§ Work to be completed:
Write out word for word each line from the top of the material through the line that has "Funda de teléfono". Pictures do not go in.

§ Excerpted records:
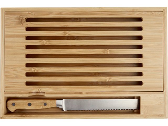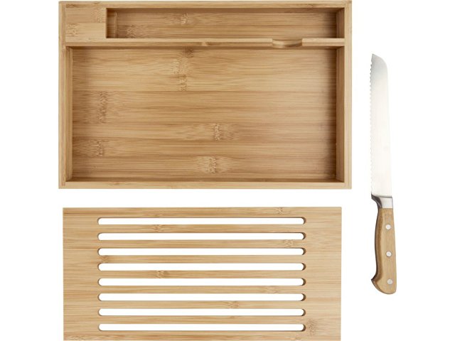 Бамбуковая разделочная доска с хлебным ножом с бамбуковыми ручками. Благодаря горизонтальной открытой модели крошки падают в поддон, что позволяет сохранить рабочее место или обеденный стол чистым. Размер ножа: 34 x 3 см. Бамбуковое дерево, нержавеющая сталь.
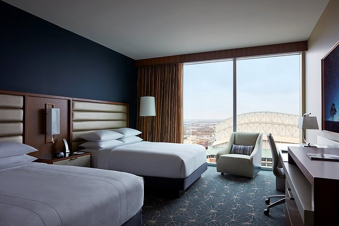 The Marriott Marquis Houston is famous for one thing: the lazy river that overlooks the downtown skyline. Yes, you can float in a tube and stare at the high rises of Texas. It is a wild, fun experience that families absolutely love.
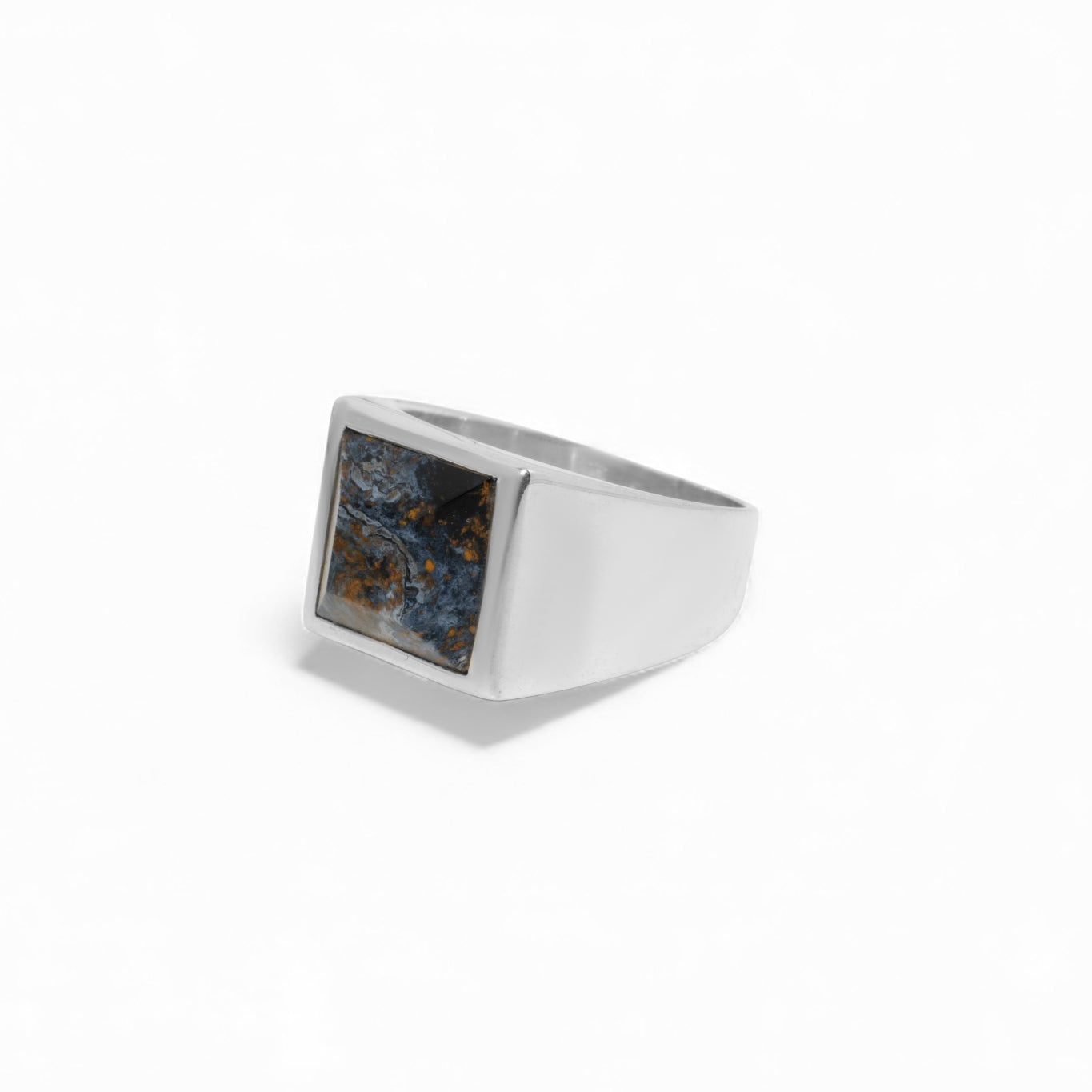 力強くも静かな表情を見せる天然石の個性を活かすよう、職人が一点一点スクエアカットを施し、シャープなシルエットが印象的なシルバーの台座と組み合わせました。
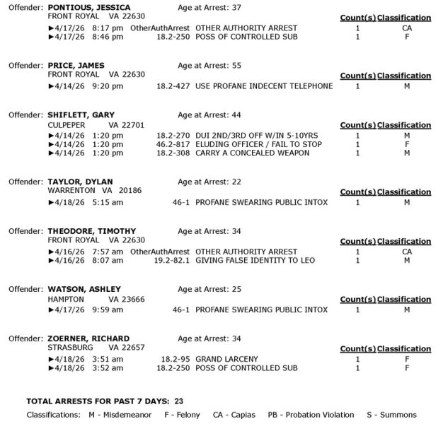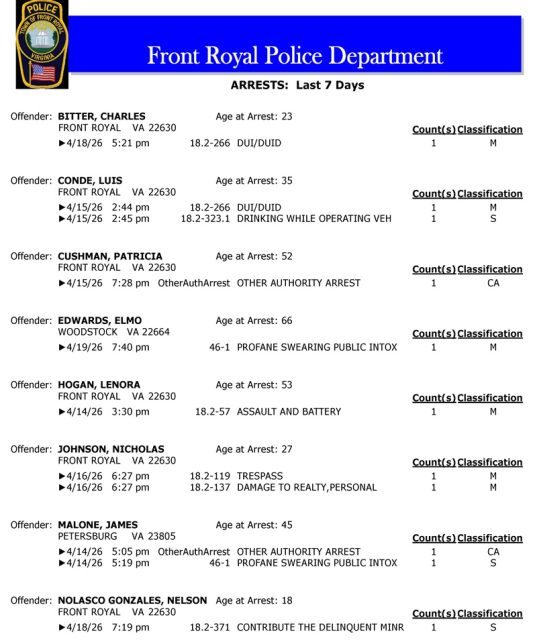 Front Royal Police Department’s arrest report for the past 7 days:
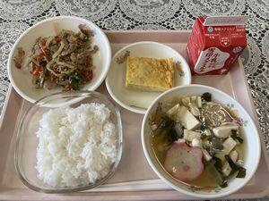 じゃがいもともやしのみそ汁 牛乳 (ごはん)
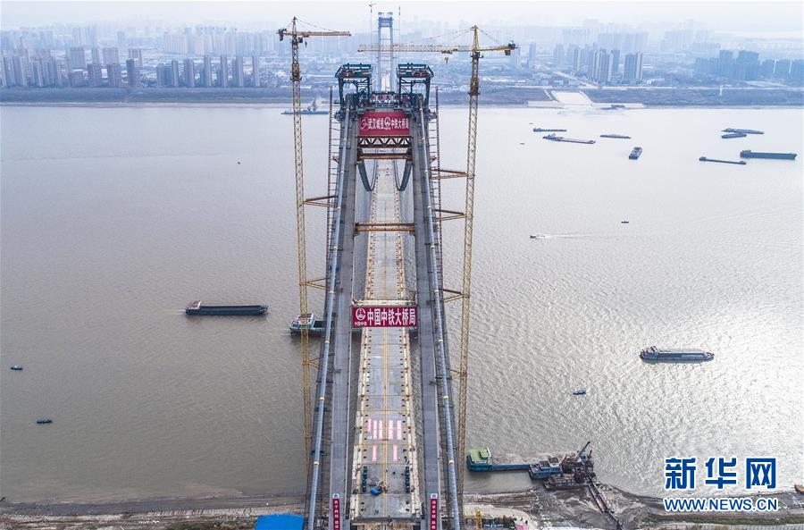 12月29日,武漢楊泗港長江大橋順利合龍(無人機拍攝)。新華社記者 肖藝九 攝
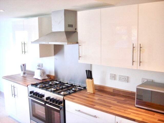 The kitchen has all the appliances you require including American fridge/freezer, range style cooker, microwave, washing machine, breakfast bar, dining table and all plates and utensils.
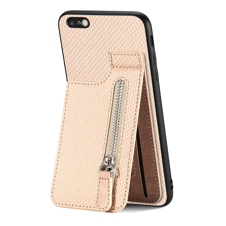 Funda de teléfono iPhone 6 Plus 6S Plus con cremallera vertical fibra de carbono (Caqui)
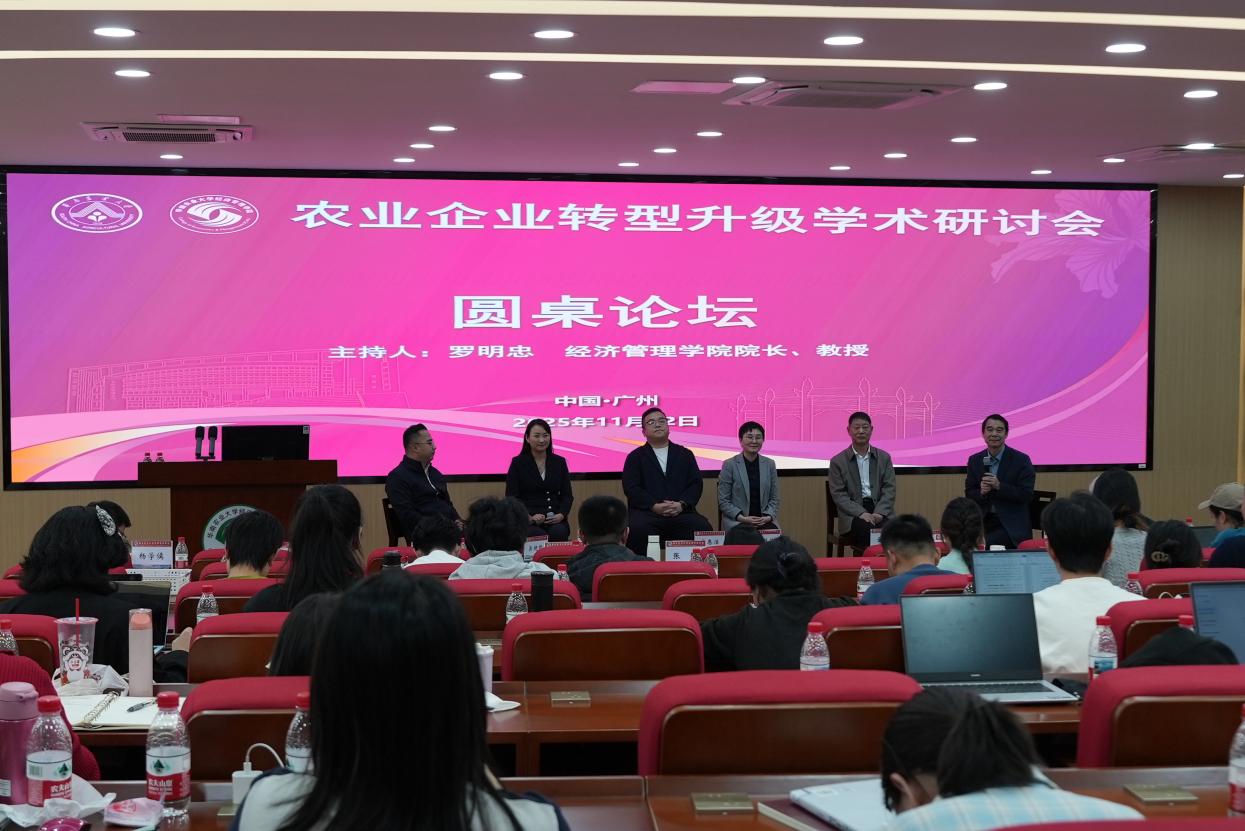 为响应党的二十届四中全会关于加快农业农村现代化、扎实推进乡村全面振兴的战略部署,搭建企校深度合作平台。2025年11月22日,华南农业大学经济管理学院主办“企业家面对面:农业企业转型升级学术研讨会”在我院601报告厅隆重举行。本次活动作为“企业家进校园”系列活动的开篇之作,汇聚了农业产业一线企业家、高校学者及学生代表,以主题演讲、圆桌对话、互动交流等形式,共探农业企业高质量发展新路径。

§ Response area:
 Бамбуковая разделочная доска с хлебным ножом с бамбуковыми ручками. Благодаря горизонтальной открытой модели крошки падают в поддон, что позволяет сохранить рабочее место или обеденный стол чистым. Размер ножа: 34 x 3 см. Бамбуковое дерево, нержавеющая сталь.
 The Marriott Marquis Houston is famous for one thing: the lazy river that overlooks the downtown skyline. Yes, you can float in a tube and stare at the high rises of Texas. It is a wild, fun experience that families absolutely love.
 力強くも静かな表情を見せる天然石の個性を活かすよう、職人が一点一点スクエアカットを施し、シャープなシルエットが印象的なシルバーの台座と組み合わせました。
 Front Royal Police Department’s arrest report for the past 7 days:
 じゃがいもともやしのみそ汁 牛乳 (ごはん)
 12月29日,武漢楊泗港長江大橋順利合龍(無人機拍攝)。新華社記者 肖藝九 攝
 The kitchen has all the appliances you require including American fridge/freezer, range style cooker, microwave, washing machine, breakfast bar, dining table and all plates and utensils.
 Funda de teléfono iPhone 6 Plus 6S Plus con cremallera vertical fibra de carbono (Caqui)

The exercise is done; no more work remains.